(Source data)

-- -- --

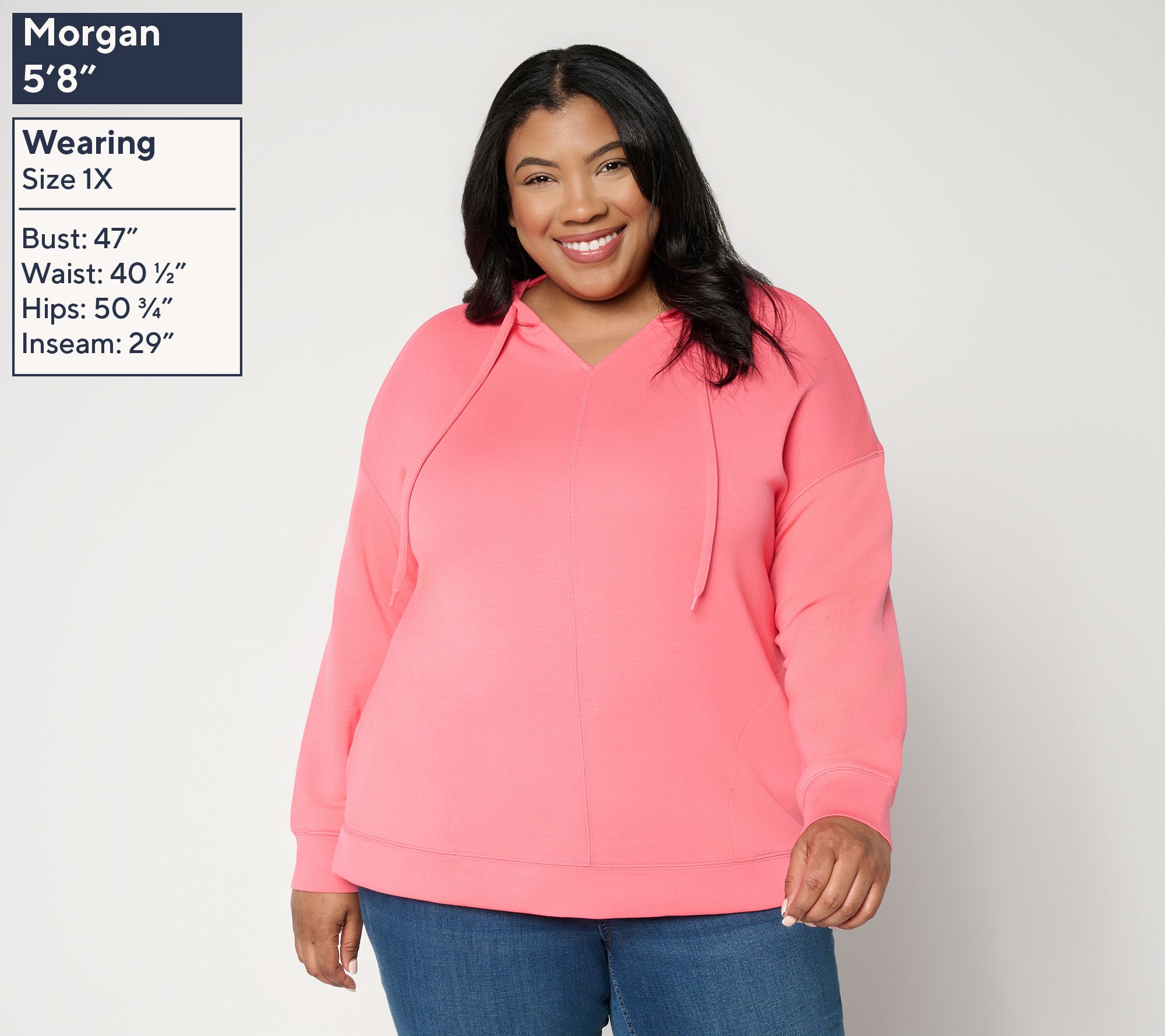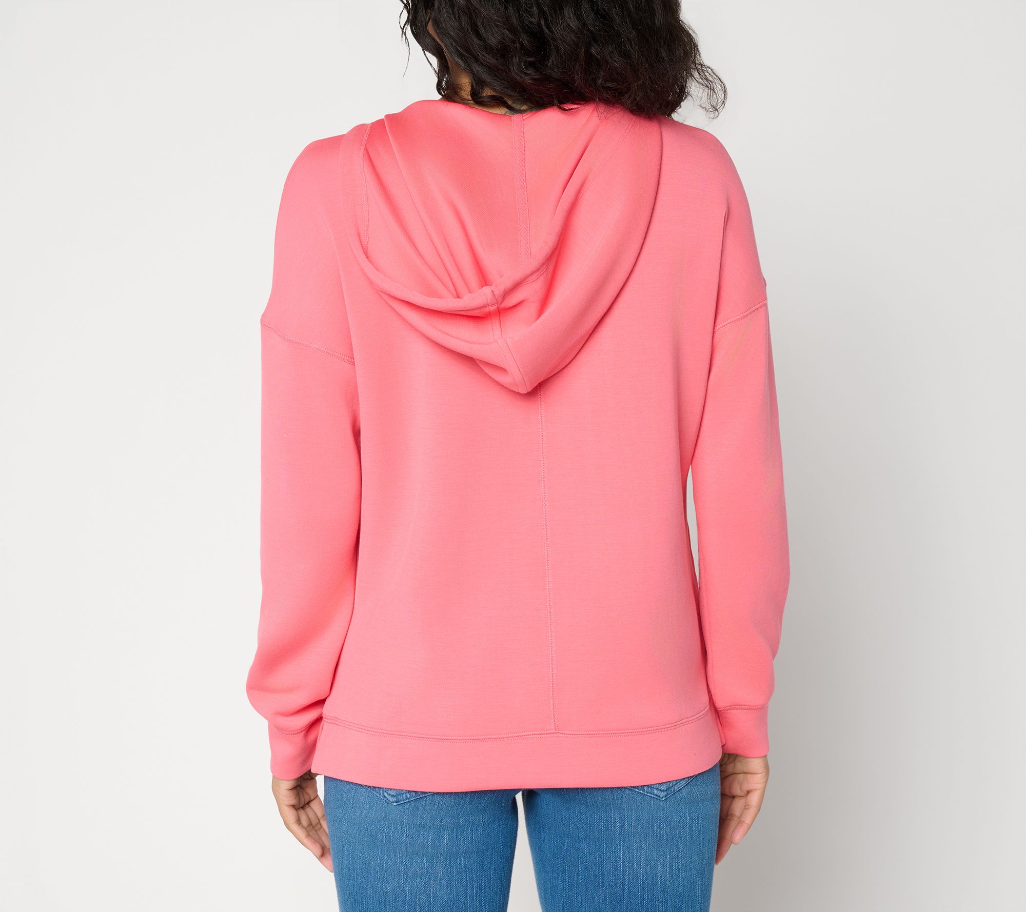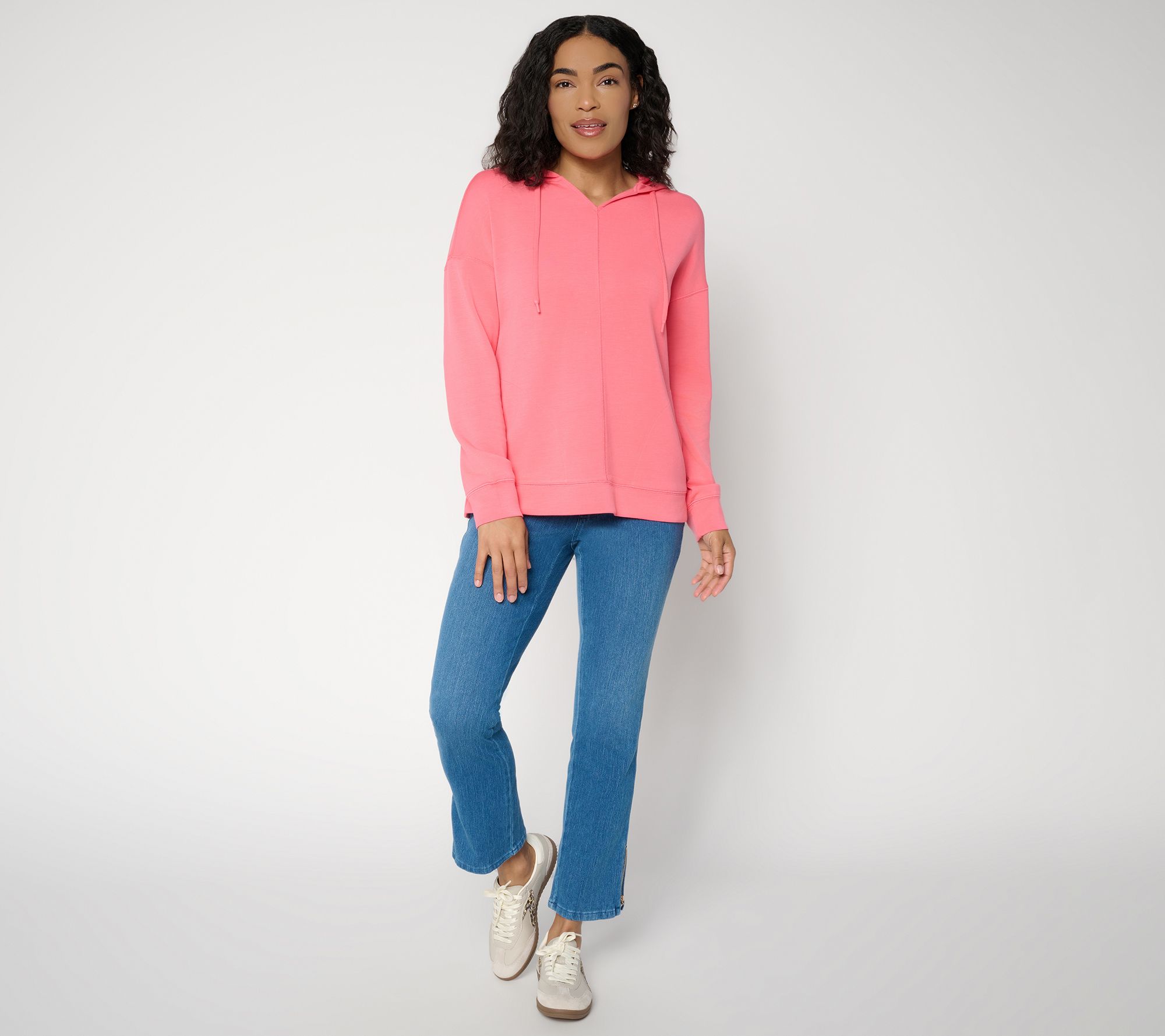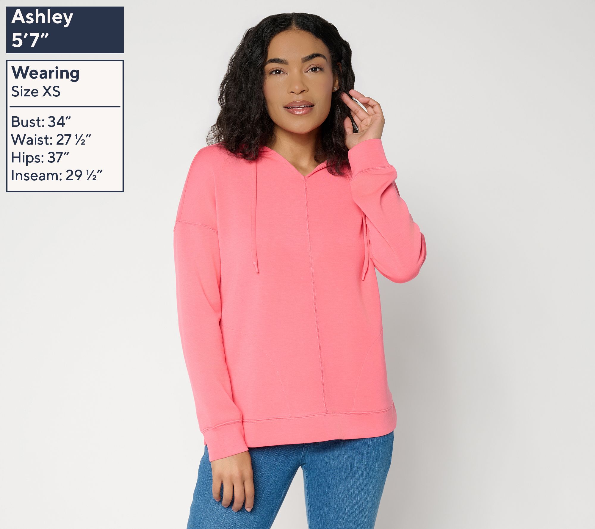Dive into a fresh season with a fresh layer: Kim Gravel's versatile ScubaLuxe hoodie. Dropped shoulders and roomy pockets give you freedom to move, pickup shells, or share the day with kids or pets. From Belle by Kim Gravel.
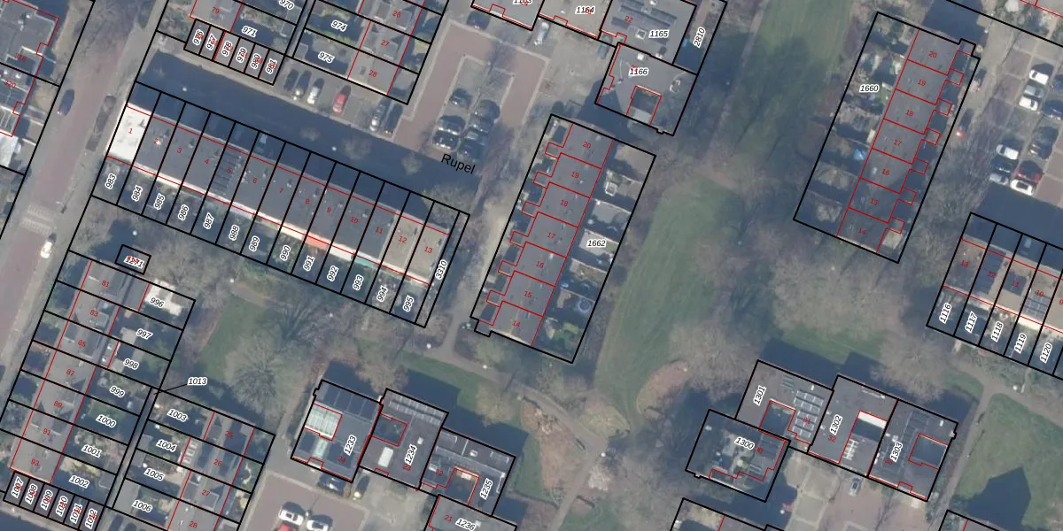Het perceel waarop Rupel 16 staat heeft een oppervlakte van 890 m². Dit is een groot perceel. De perceeloppervlakte wordt geregistreerd door het Kadaster. Gedetailleerde informatie over de maten van dit perceel kunt u vinden in het rapport Kadastrale kaart met maatvoering van Rupel 16.
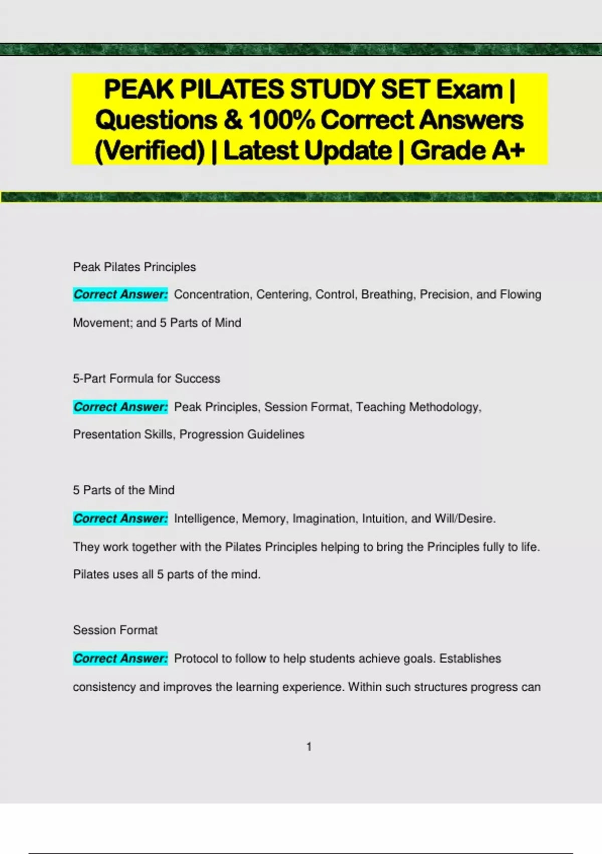 PEAK PILATES STUDY SET Exam | Questions & 100% Correct Answers (Verified) | Latest Update | Grade A+
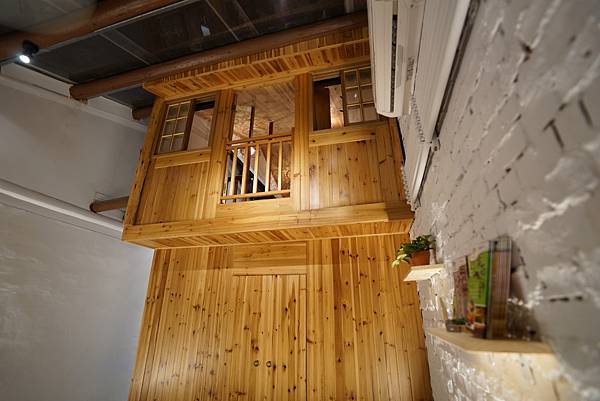 嬌巧而舒適的公共區,運用自製木架營造出放鬆的鄉村氛圍,
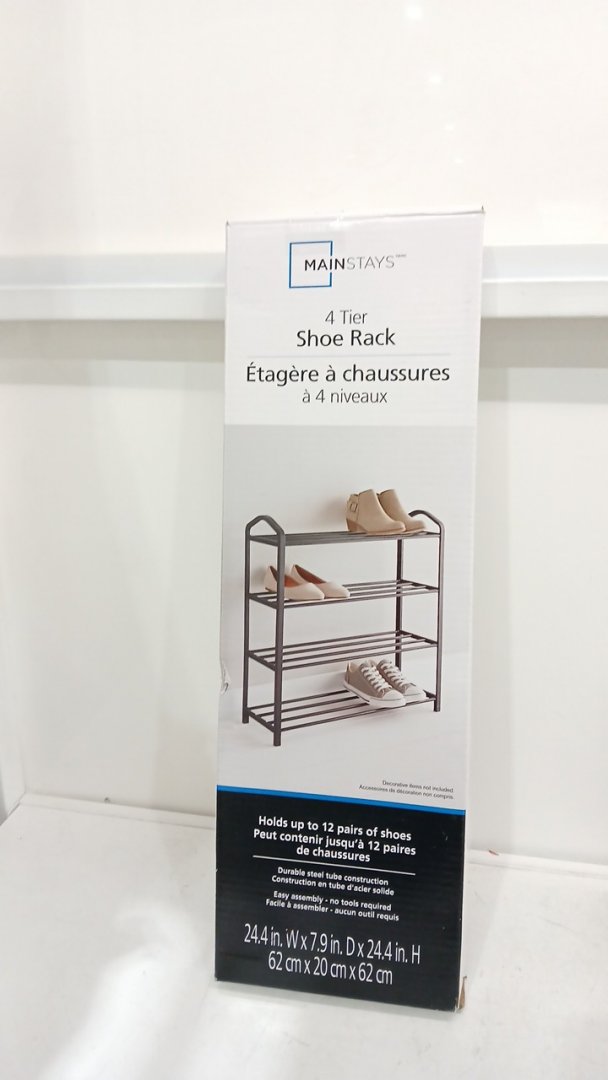 MAINSTAYS 4-TIER ENTRANCE WAY SHOE RACK - HOLDS 12 PAIRS - BLACK
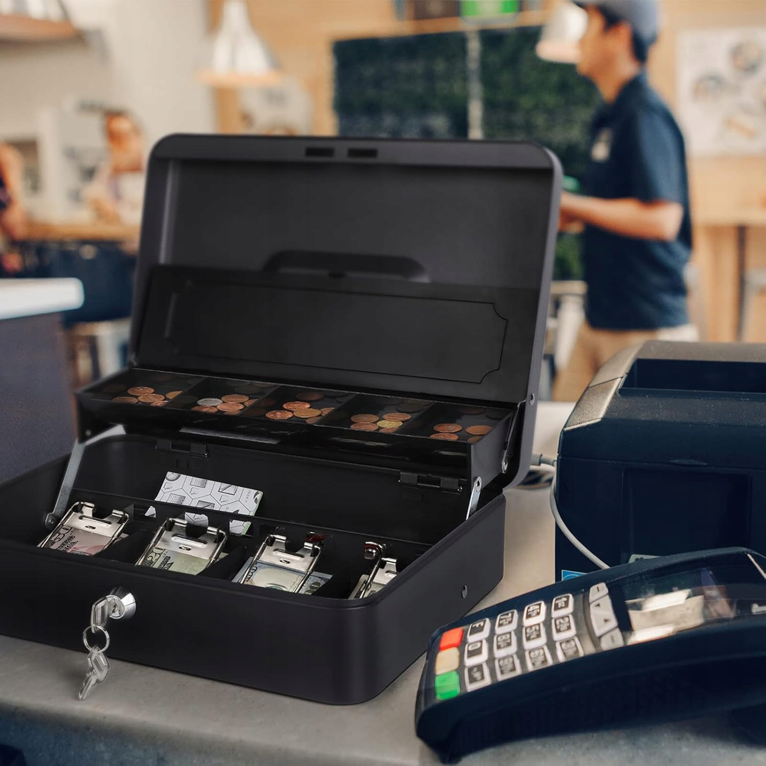 Грошова скринька ідеально підходить для використання в домашніх умовах, офісі, магазинах, на ярмарку, школах, а також на різних заходах, де необхідно безпечно зберігати готівку та інші цінні предмети.
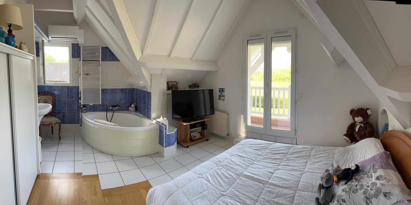 Idéale pour votre famille, elle allie le calme d'un cadre champêtre avec le confort moderne : chauffage au sol, pompe à chaleur, climatisation réversible et panneaux solaires !

-- -- --

*Exercise aim*
Your reply is the full set of entries reproduced exactly, with images omitted.

*Solved exercise*
Dive into a fresh season with a fresh layer: Kim Gravel's versatile ScubaLuxe hoodie. Dropped shoulders and roomy pockets give you freedom to move, pickup shells, or share the day with kids or pets. From Belle by Kim Gravel.
Het perceel waarop Rupel 16 staat heeft een oppervlakte van 890 m². Dit is een groot perceel. De perceeloppervlakte wordt geregistreerd door het Kadaster. Gedetailleerde informatie over de maten van dit perceel kunt u vinden in het rapport Kadastrale kaart met maatvoering van Rupel 16.
 PEAK PILATES STUDY SET Exam | Questions & 100% Correct Answers (Verified) | Latest Update | Grade A+
 嬌巧而舒適的公共區,運用自製木架營造出放鬆的鄉村氛圍,
 MAINSTAYS 4-TIER ENTRANCE WAY SHOE RACK - HOLDS 12 PAIRS - BLACK
 Грошова скринька ідеально підходить для використання в домашніх умовах, офісі, магазинах, на ярмарку, школах, а також на різних заходах, де необхідно безпечно зберігати готівку та інші цінні предмети.
 Idéale pour votre famille, elle allie le calme d'un cadre champêtre avec le confort moderne : chauffage au sol, pompe à chaleur, climatisation réversible et panneaux solaires !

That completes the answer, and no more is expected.